A novel method to generate 3D polymorphic molecular conformers based on geometry restrictions and modular design
- Junjie Yu
- 2024年4月5日
- 讀畢需時 12 分鐘
Introduction
A conformer is a distinct conformation, i.e., the reasonable arrangement of atoms of a molecule in three-dimensional spatial coordinates. The chemical, biological, and physical properties of a molecule, such as steric constraints, charge density, docking poses [Mark McGann. Fred pose prediction and virtual screening accuracy. Journal of chemical information and modeling, 51(3):578–596, 2011.], shape similarity [Ashutosh Kumar and Kam YJ Zhang. Advances in the development of shape similarity methods and their application in drug discovery. Frontiers in chemistry, 6:315, 2018.], and pharmacophore searching [Christof H Schwab. Conformations and 3d pharmacophore searching. Drug Discovery Today: Technologies, 7(4): e245–e253, 2010.] and so on, are the combination of the properties of the molecule’s conformers accessible at the temperature of the study. Therefore, determining reasonable molecular conformers is very important for studing structure-activity relationship (SAR) and discovering new materials and drugs. However, the approach of determining molecular conformers with experiments is time consuming and very expensive. And moreover, it is extremely difficult to carry out the the experiments under some conditions. As a consequence, computational methods to generate conformers have been developed over the past few decades, which are traditionally categorized as either stochastic or systematic (rule-based) methods.
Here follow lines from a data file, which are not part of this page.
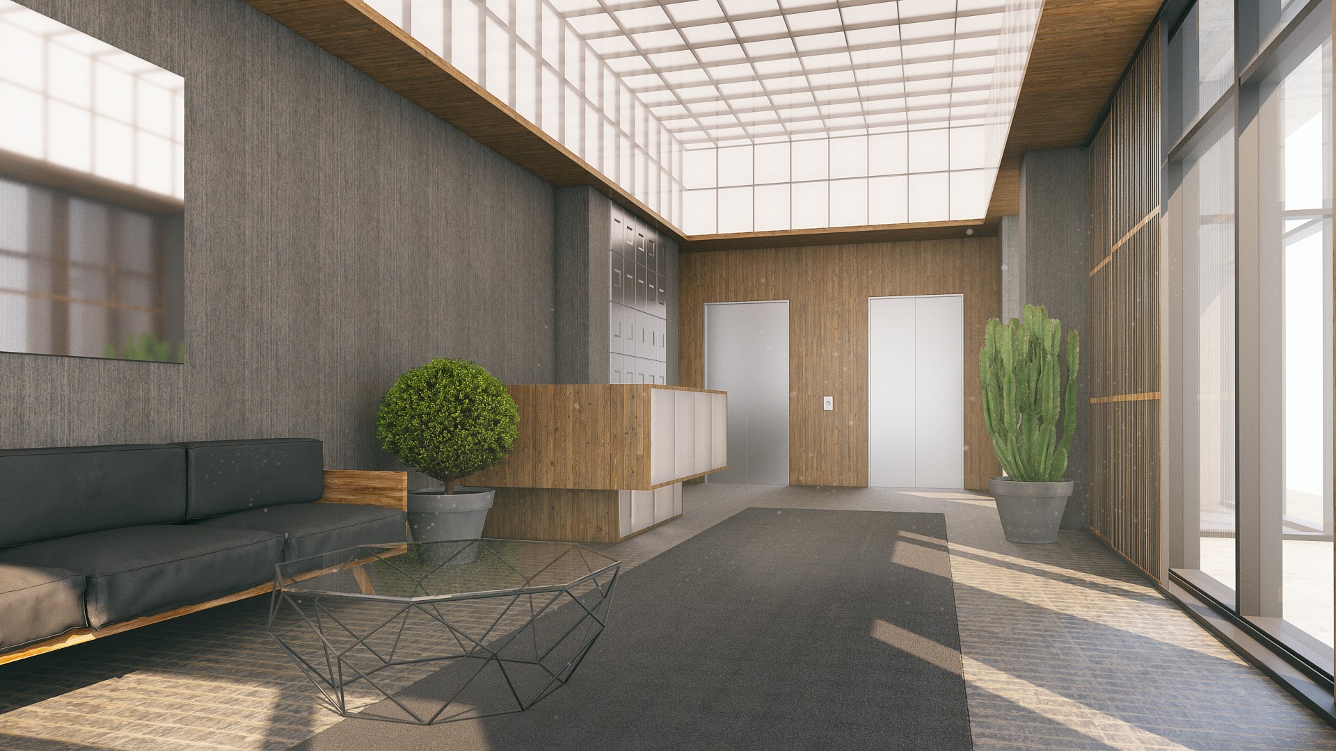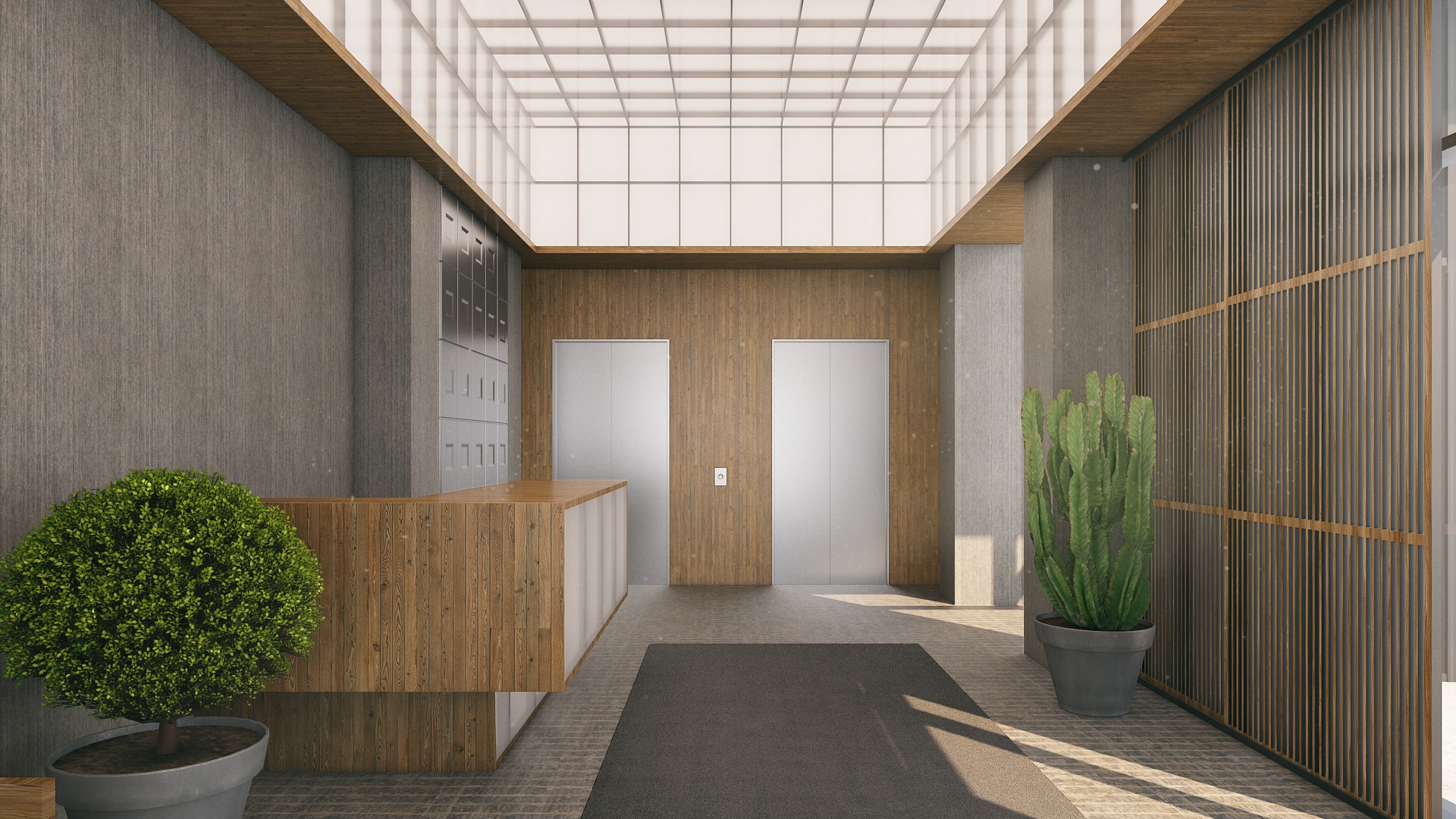 დერეფნის და ლობის სივრცეებს;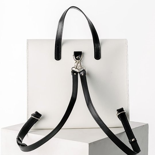 В комплекте: наплечный ремень длиной 130 см и две лямки рюкзака длиной по 70 см каждая, а также съёмная мини-сумочка на молнии из того же материала, что и портфель.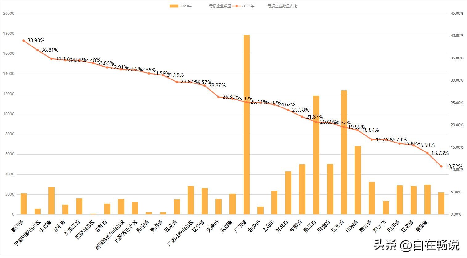 全国上看,亏损企业占比最高的是贵州38.9%、宁夏36.81%、山西34.85%;占比最低的是湖南省10.72%、福建省13.73%、江西省15.5%。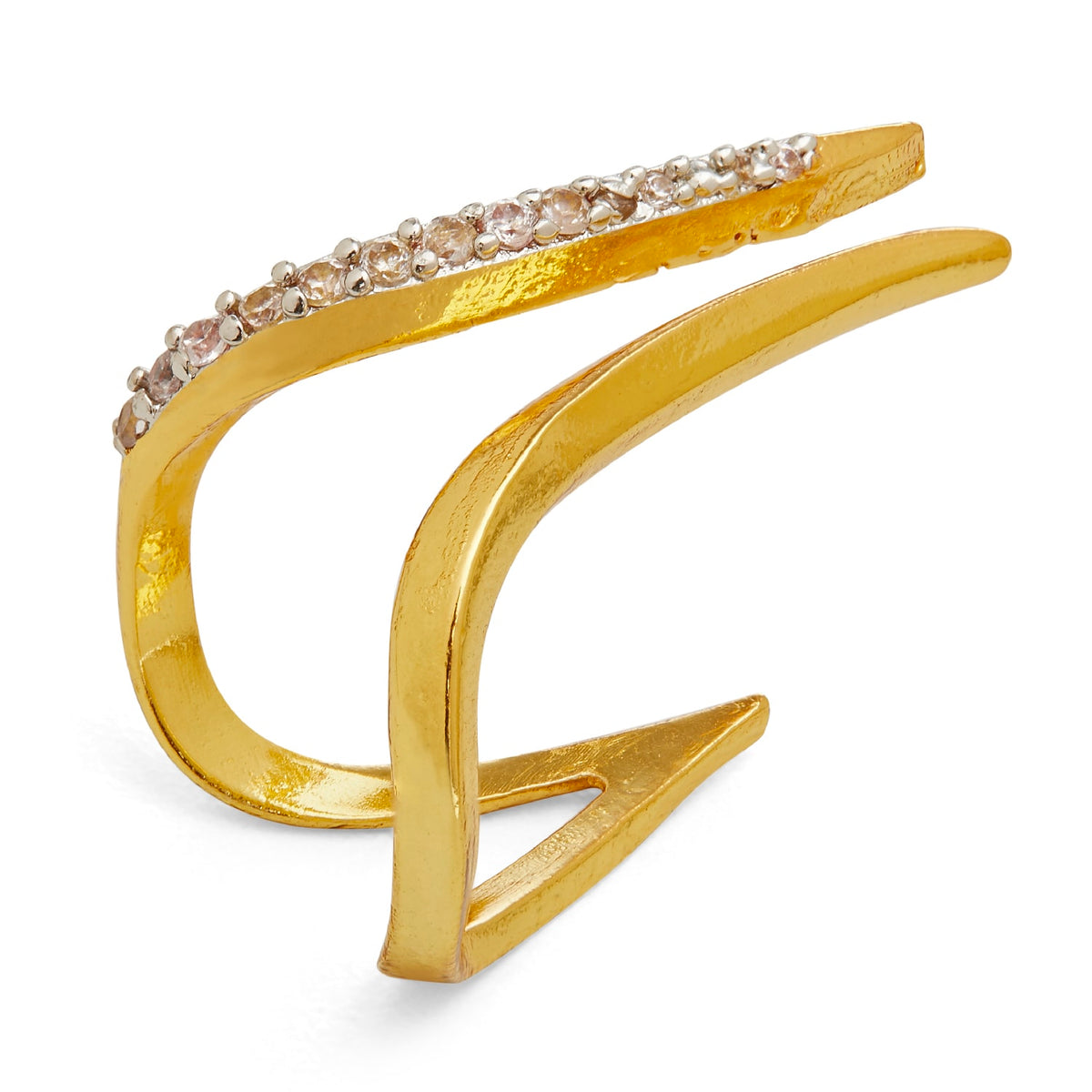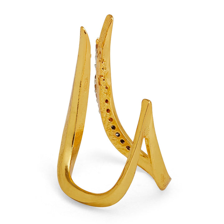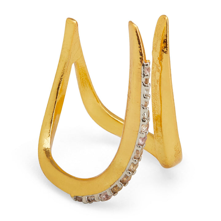 This adjustable ring is handcrafted from brass with 22k gold plating and features white cubic zirconia stones.
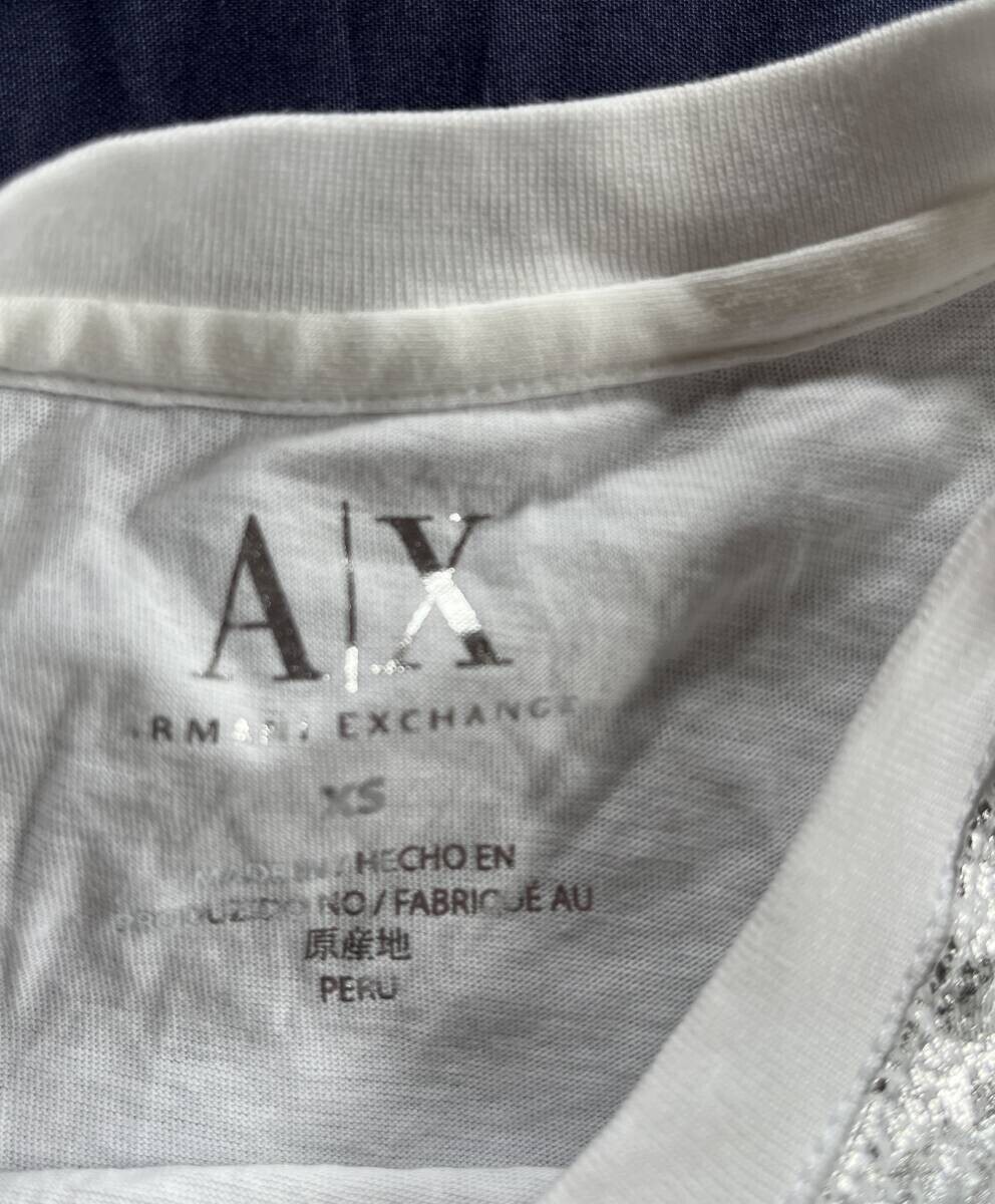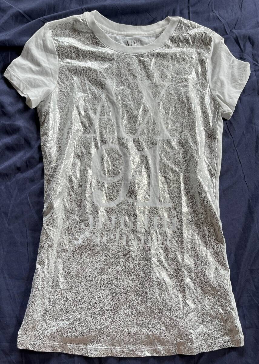ARMANI EXCHANGE アルマーニエクスチェンジ ロゴ プリント 半袖 Tシャツ シャツ カットソー トップス 白 レディース XS シルバー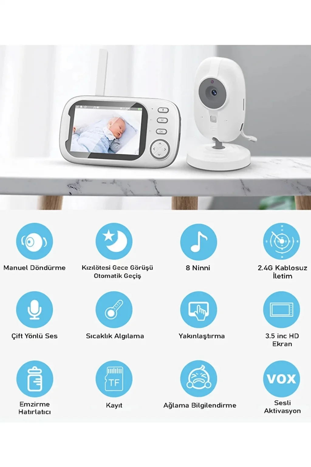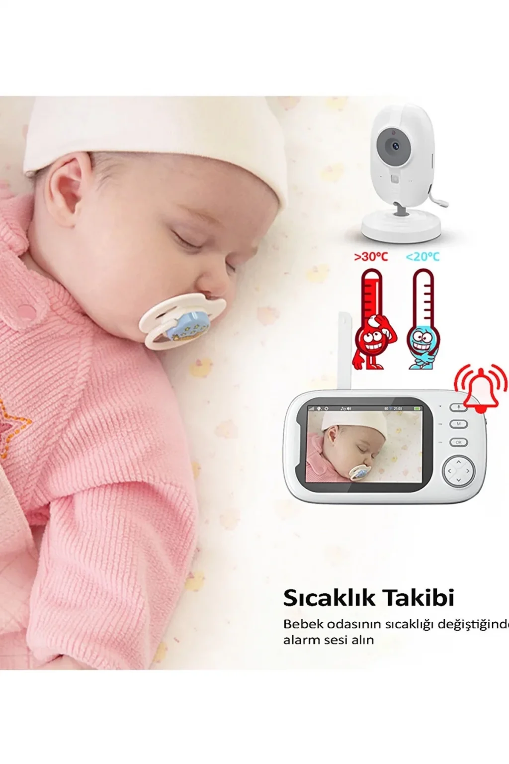 Kızılötesi gece görüş özelliği ile en karanlık ortamlarda bile en iyi görüntüyle bebeğinizi takip edin. Ağladığında devreye giren sensor sayesinde istediğiniz zaman güvenliğini sağlayabilirsiniz. Çift yönlü ses görüşmesi sayesinde çocuğunuza komut verebilirsiniz. Oda sıcaklığını istediğiniz seviyede tutmak için uyarıcı özelliğini aktif edebilirsiniz. Tüm görüntüleri kartınıza kaydedip daha sonra tekrar izleyebilirsiniz.
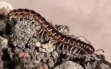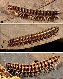 Paradoxosomatidae, the only family in the suborder Paradoxosomatidea (also known as Strongylosomatidea),[1] is a family of flat-backed millipedes in the order Polydesmida. Containing nearly 200 genera and 975 species as of 2013, it is one of the largest families of millipedes.[2] Paradoxosomatids occur on all continents except Antarctica, and can generally be distinguished by dorsal grooves on most body segments and a dumb-bell shaped gonopod aperture. Notable groups within the Paradoxosomatidae include the dragon millipedes of Southeast Asia, and the widely introduced greenhouse millipede Oxidus gracilis.[3]
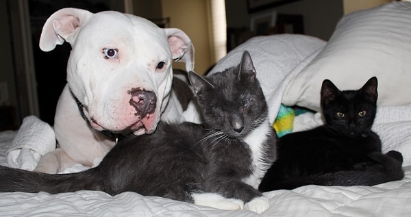 Три ослепленные кошки нашли поддержку и заботу у двух питбулей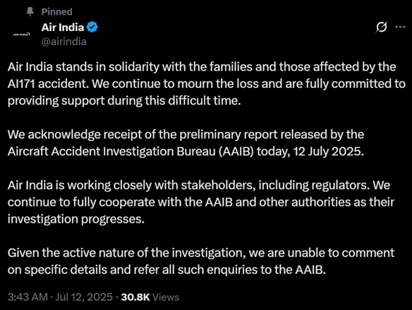 एअरलाइन ने एक्स पर एक पोस्ट में कहा कि हमें विमान दुर्घटना जांच ब्यूरो द्वारा आज, 12 जुलाई 2025 को जारी की गई प्रारंभिक रिपोर्ट प्राप्त होने की सूचना मिली है। इसके अलावा, एअरलाइन ने कहा कि वह नियामकों सहित हितधारकों के साथ मिलकर काम कर रही है। हम एएआईबी और अन्य अधिकारियों के साथ उनकी जांच की प्रगति के साथ पूर्ण सहयोग करना जारी रखेंगे।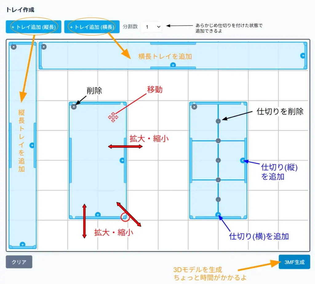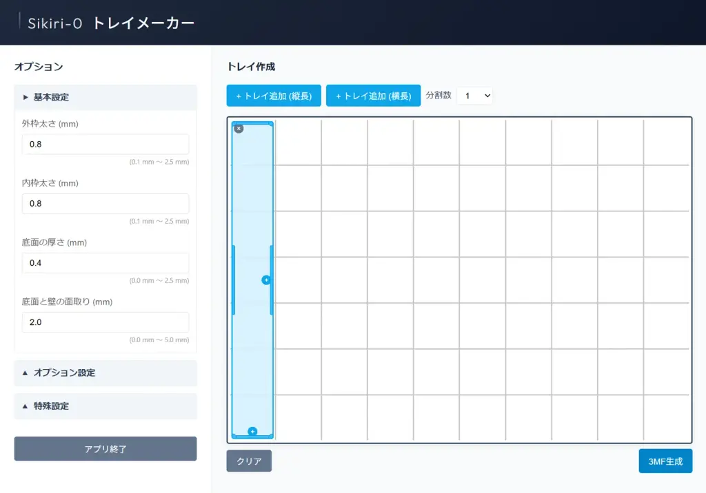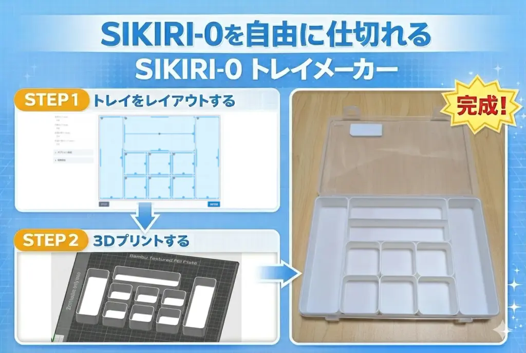 100均の収納ケース SIKIRI-0 を自在に仕切れる『SIKIRI-0 トレイメーカー』をリリースしました!ブラウザ上でトレイのレイアウトを設計すると、3Dプリントが可能な .3mf形式のファイルがダウンロードできるサービスです。今回は作成した経緯や、どうやって動いているのかなどを書いていきたいと思います。使用方法についてはこちらのページをご覧ください。

The computational costs using the stochastic methods based on molecular dynamics or Markov chain Monte Carlo to generate conformers are also expensive, especially for large molecules. Systematic conformer generation methods based on the RR (rigid rotor) approximation was then proposed to enumerate all possible torsions of a molecule. However, the space of possible conformations increases exponentially with the molecule’s size and number of rotatable bonds, thus hindering the enumerating exploration even for relatively small molecules. Rule-based systematic methods are therefore developed and achieve state-of-the-art in commercial software such as OMEGA [Friedrich N-O, de Bruyn Kops C, Flachsenberg F, et al. Benchmarking commercial conformer ensemble generators. Journal of chemical information and modeling, 2017, 57(11): 2719-2728.][Paul CD Hawkins. Conformation generation: the state of the art. Journal of Chemical Information and Modeling, 57(8):1747–1756, 2017.]. The methods limit the conformational space and explore conformers using a knowledge base such as allowed torsion angles, allowed paths, a library of 3D fragment conformations etc. Thus, the size of the conformational space for a molecule is reduced.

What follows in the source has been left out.